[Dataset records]
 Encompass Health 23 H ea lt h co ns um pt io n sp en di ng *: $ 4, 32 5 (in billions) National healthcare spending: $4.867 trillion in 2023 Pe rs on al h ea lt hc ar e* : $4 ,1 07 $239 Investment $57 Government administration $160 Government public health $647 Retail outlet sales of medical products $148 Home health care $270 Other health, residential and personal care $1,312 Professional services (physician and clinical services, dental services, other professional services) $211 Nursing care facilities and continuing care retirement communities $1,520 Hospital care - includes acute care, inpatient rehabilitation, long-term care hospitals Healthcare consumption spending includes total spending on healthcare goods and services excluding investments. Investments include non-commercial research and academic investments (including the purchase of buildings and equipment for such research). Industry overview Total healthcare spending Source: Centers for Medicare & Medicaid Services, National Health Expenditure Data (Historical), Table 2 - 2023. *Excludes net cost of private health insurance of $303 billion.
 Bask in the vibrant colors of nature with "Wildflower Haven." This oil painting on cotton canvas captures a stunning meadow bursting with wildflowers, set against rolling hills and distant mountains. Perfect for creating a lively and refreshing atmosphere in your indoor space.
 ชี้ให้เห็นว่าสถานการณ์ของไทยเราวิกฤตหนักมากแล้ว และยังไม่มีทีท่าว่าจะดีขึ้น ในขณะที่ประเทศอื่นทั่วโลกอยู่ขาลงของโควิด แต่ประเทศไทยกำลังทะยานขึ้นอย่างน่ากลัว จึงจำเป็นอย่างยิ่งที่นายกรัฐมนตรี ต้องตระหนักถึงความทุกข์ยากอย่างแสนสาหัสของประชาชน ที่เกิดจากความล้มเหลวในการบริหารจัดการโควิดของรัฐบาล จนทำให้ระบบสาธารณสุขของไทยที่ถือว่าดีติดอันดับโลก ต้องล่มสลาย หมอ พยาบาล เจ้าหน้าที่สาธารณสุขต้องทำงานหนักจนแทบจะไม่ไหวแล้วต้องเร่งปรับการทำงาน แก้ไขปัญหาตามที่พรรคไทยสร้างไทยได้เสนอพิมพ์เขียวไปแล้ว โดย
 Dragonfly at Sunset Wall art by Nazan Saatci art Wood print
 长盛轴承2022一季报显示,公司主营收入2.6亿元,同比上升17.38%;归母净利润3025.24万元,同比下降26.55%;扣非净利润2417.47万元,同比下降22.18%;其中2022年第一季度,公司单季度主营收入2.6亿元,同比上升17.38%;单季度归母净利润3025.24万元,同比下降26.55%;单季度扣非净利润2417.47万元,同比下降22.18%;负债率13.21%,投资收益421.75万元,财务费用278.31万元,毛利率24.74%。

> _Task to carry out_
The required output is the line containing "Dragonfly at Sunset" through the last line of the records above, each copied exactly and nothing more.

> _Expected output_
 Dragonfly at Sunset Wall art by Nazan Saatci art Wood print
 长盛轴承2022一季报显示,公司主营收入2.6亿元,同比上升17.38%;归母净利润3025.24万元,同比下降26.55%;扣非净利润2417.47万元,同比下降22.18%;其中2022年第一季度,公司单季度主营收入2.6亿元,同比上升17.38%;单季度归母净利润3025.24万元,同比下降26.55%;单季度扣非净利润2417.47万元,同比下降22.18%;负债率13.21%,投资收益421.75万元,财务费用278.31万元,毛利率24.74%。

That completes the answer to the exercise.